Exercise directions: Retype the lines below exactly, but only those from the line that has "The research utilized" through the line that has "尽管自有团队研发课程速度较慢". Omit every picture.

Entries taken from a collection

──────

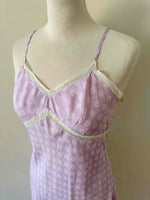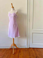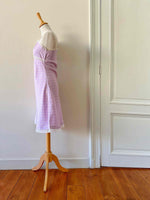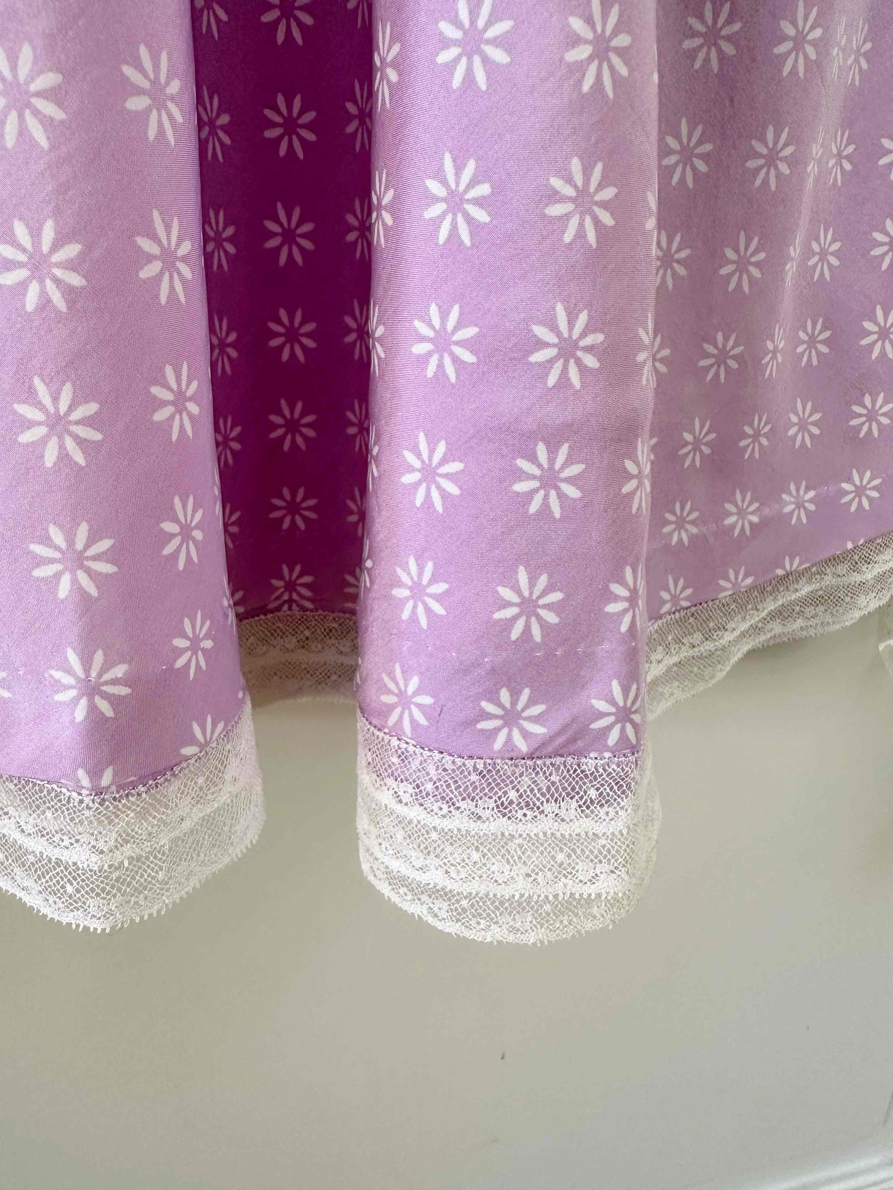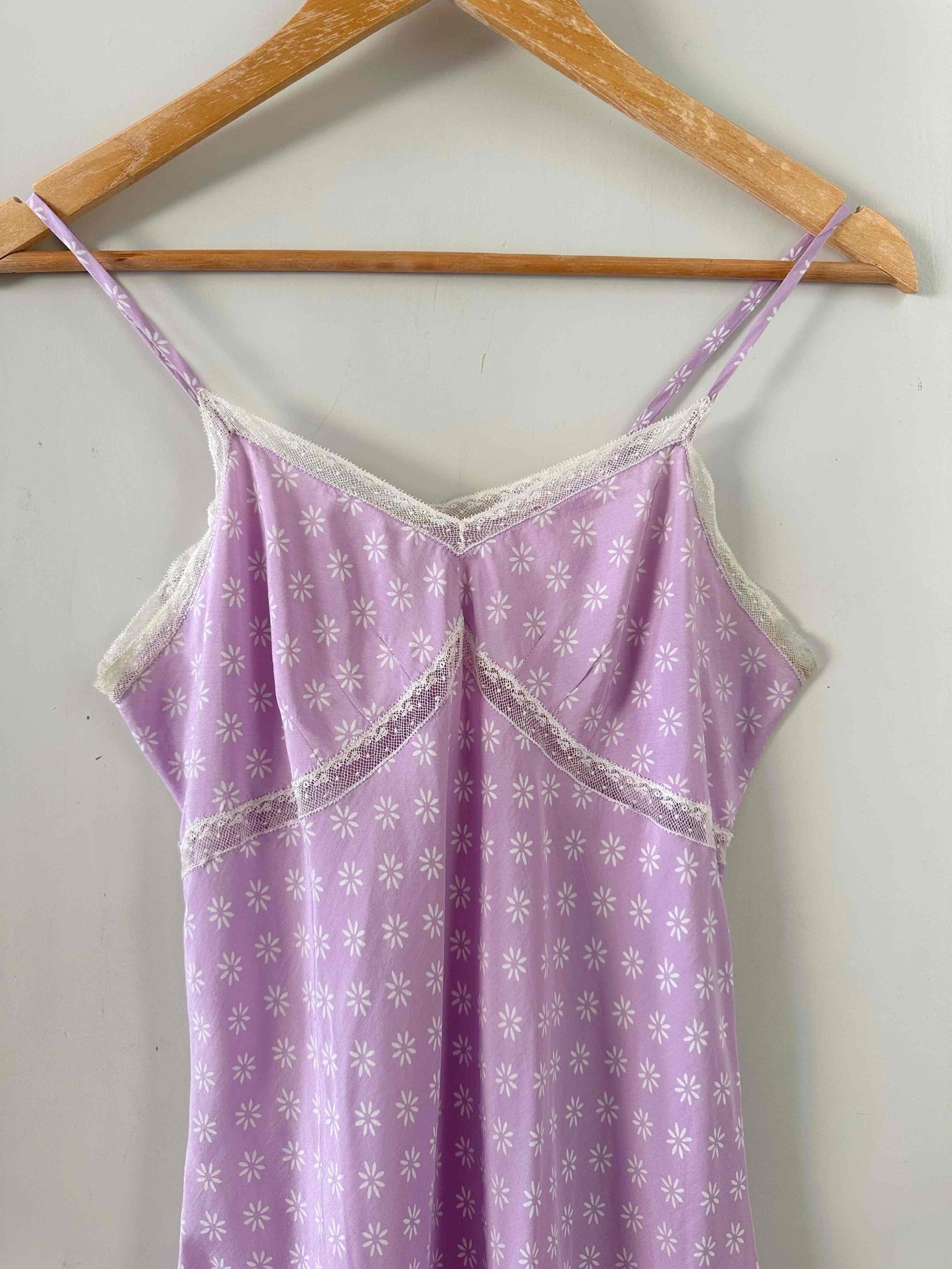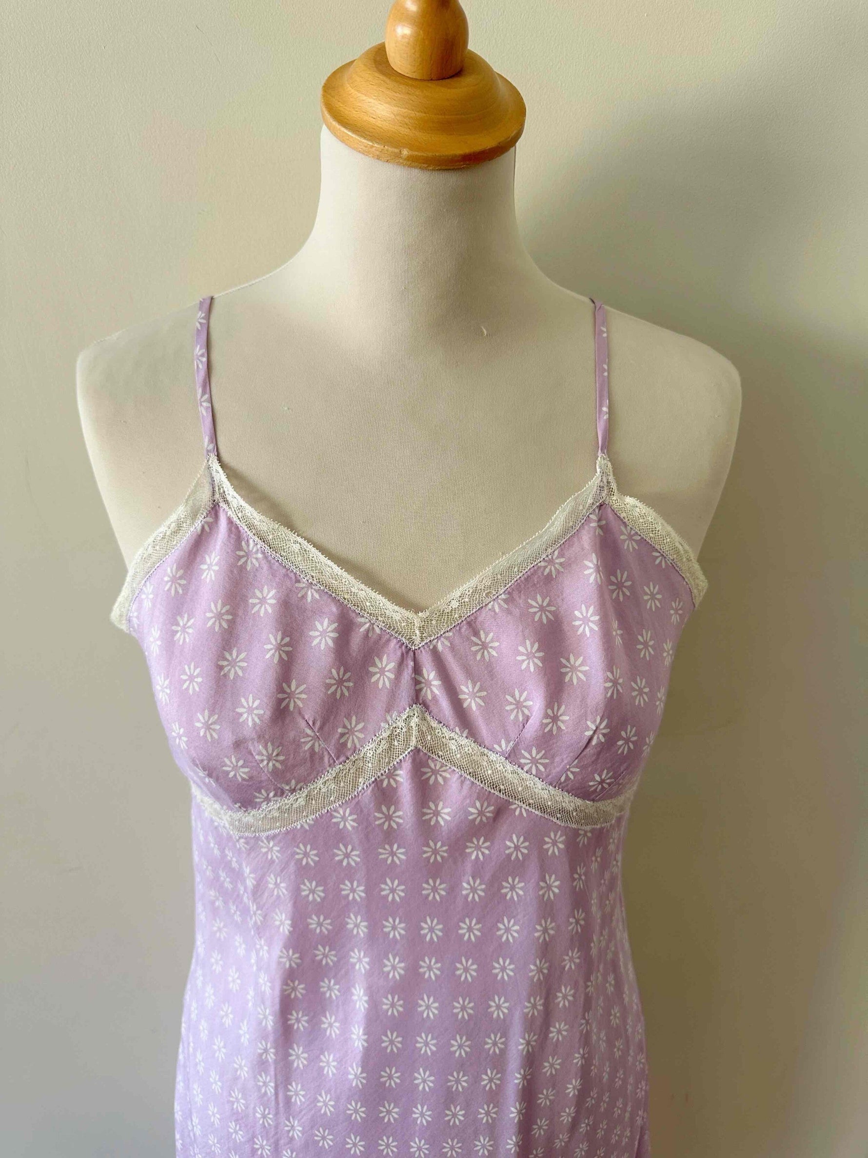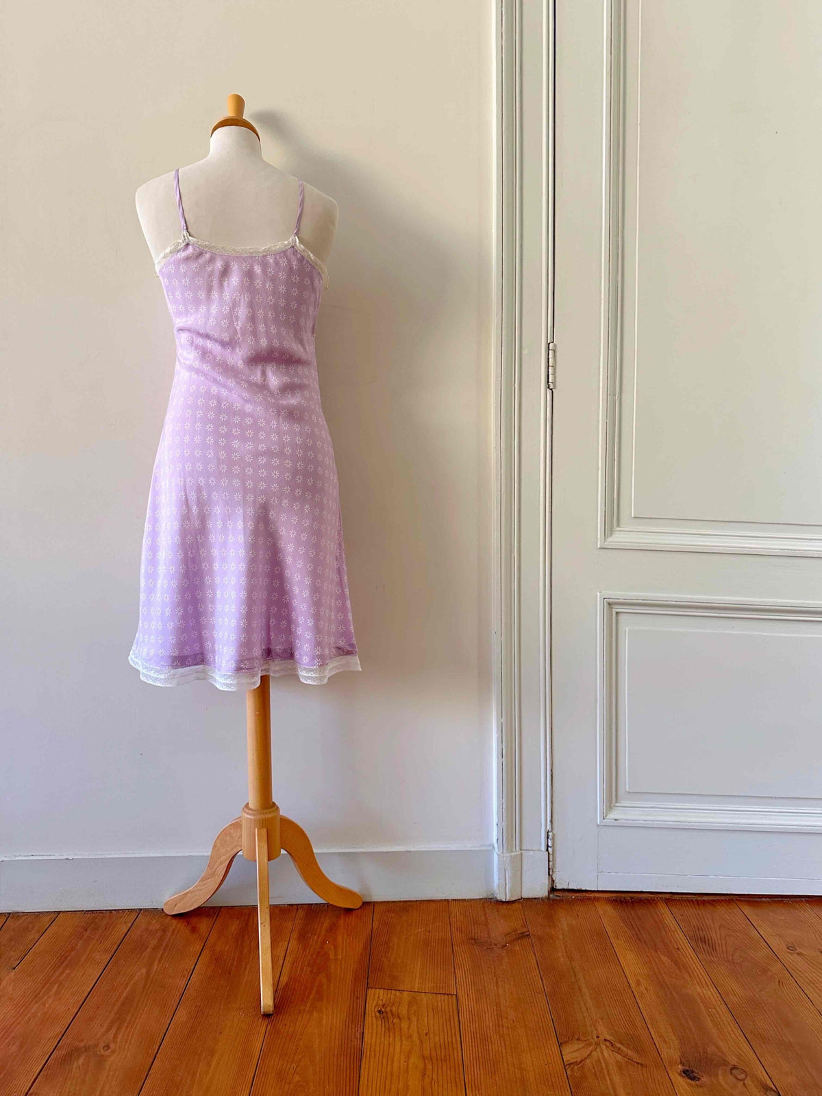 Prix unitaire parNuisette en soie 60s, soie lilas parme imprimée de fleurs blanches, découpes sous poitrine en dentelle fine ajourée, bas bordé de dentelle, bretelles spaghettis, taillée en biais, taille 36 portée ici sur un mannequin T36, aisselles 43cm.
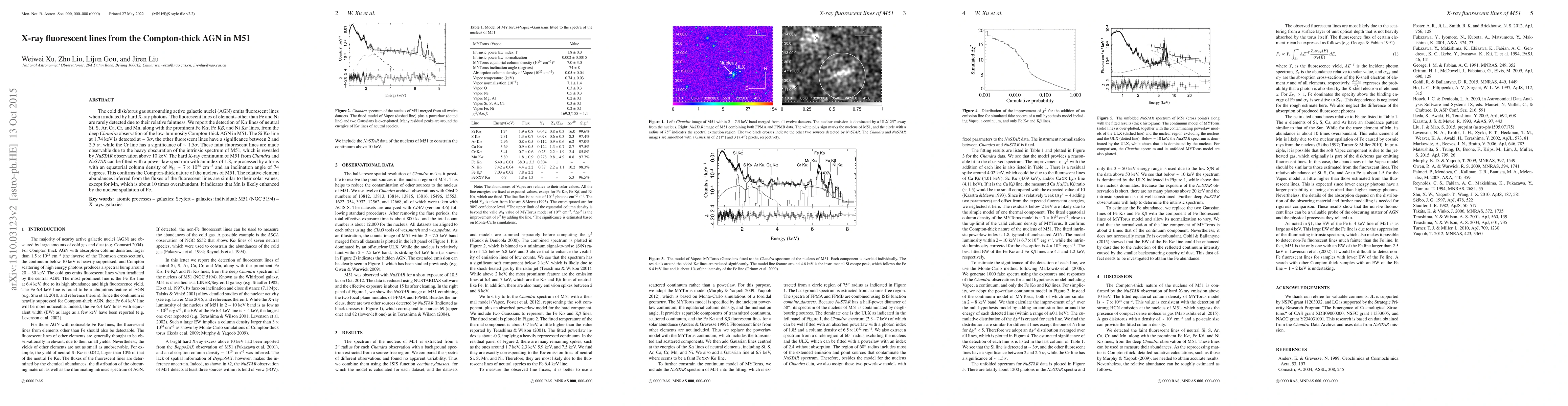 The research utilized deep Chandra observations and NuSTAR data to detect X-ray fluorescent lines from the Compton-thick AGN in M51, employing the MYTorus model for the hard X-ray continuum and Vapec for the soft component.
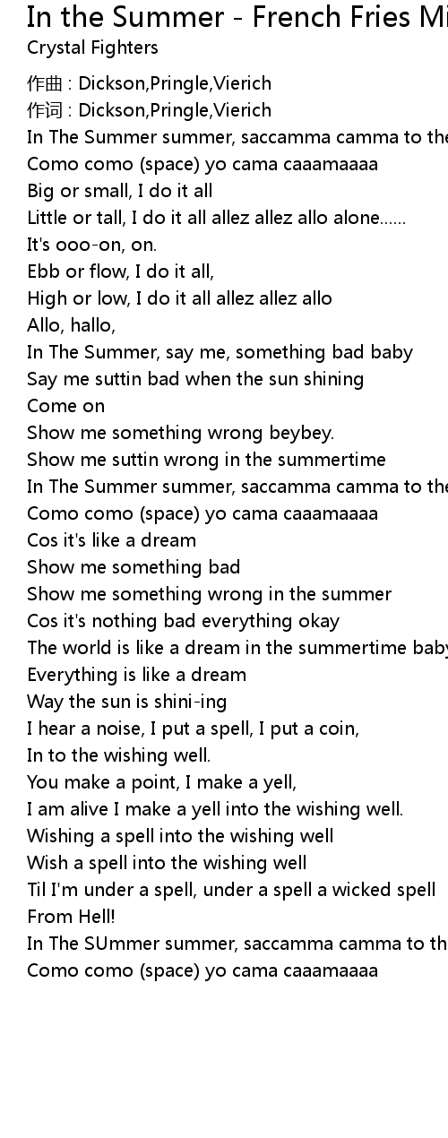 | Song | In the Summer - French Fries Mix |
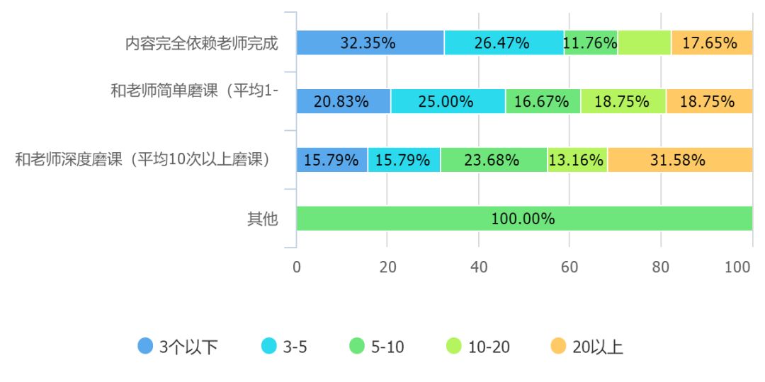 尽管自有团队研发课程速度较慢,但另外一个有趣的数据是,内容完全依赖老师完成的课程生产速度远低于和老师深度磨课的速度,一个符合逻辑的解释是,当企业找外部的老师合作,越是投入到更多精力磨课,双方越是会寻求效率的提升,降低时间成本。
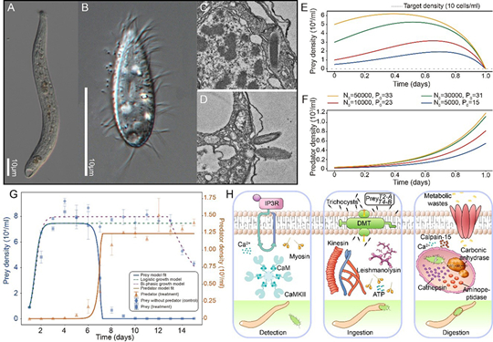 研究团队通过捕食实验与生态模型模拟发现,贪食纤口虫具有极高的捕食效率,仅需几十个体即可在短时间内显著抑制病害纤毛虫种群。研究进一步揭示了其捕食行为涉及细胞骨架重塑、蛋白酶解系统、毒素外排机制等多生物学功能的协同作用,表现出高度协调的捕食适应策略。
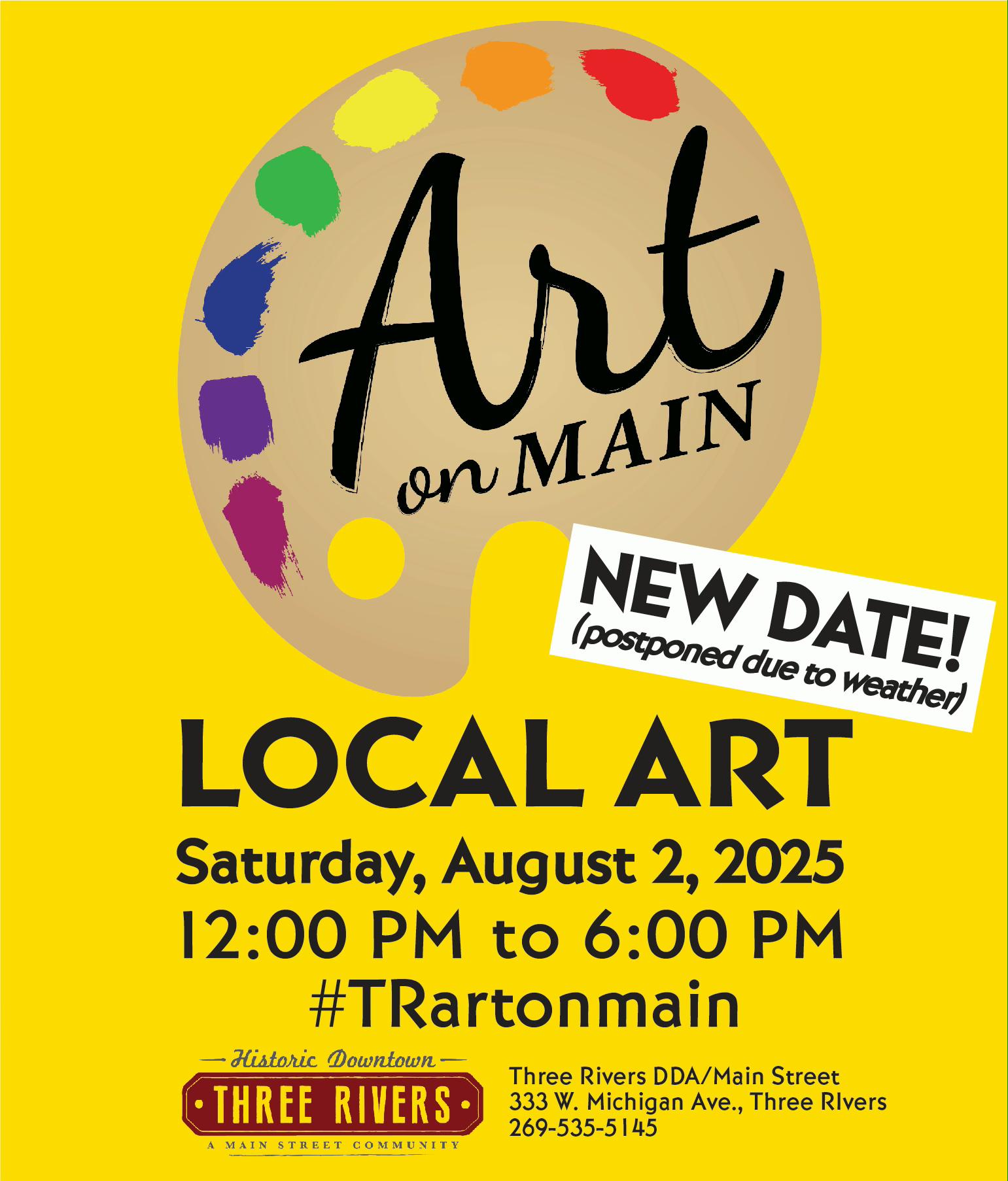 Art on Main, put on by the Three Rivers DDA in the Three Rivers historic downtown, was storm-delayed in 2025, but was presented on a beautiful day on Saturday, August 6. Artwork was sold and a good time was had by all. Some Three Rivers Artists Guild members, along with other area artists and artisans, had booths along Portage Ave, around the corner from Main Street. Not exactly Art on Main, so in it’s story, the Three Rivers Commercial News just called it “Art On The Street”.

──────

Solution to this exercise:
 The research utilized deep Chandra observations and NuSTAR data to detect X-ray fluorescent lines from the Compton-thick AGN in M51, employing the MYTorus model for the hard X-ray continuum and Vapec for the soft component.
 | Song | In the Summer - French Fries Mix |
 尽管自有团队研发课程速度较慢,但另外一个有趣的数据是,内容完全依赖老师完成的课程生产速度远低于和老师深度磨课的速度,一个符合逻辑的解释是,当企业找外部的老师合作,越是投入到更多精力磨课,双方越是会寻求效率的提升,降低时间成本。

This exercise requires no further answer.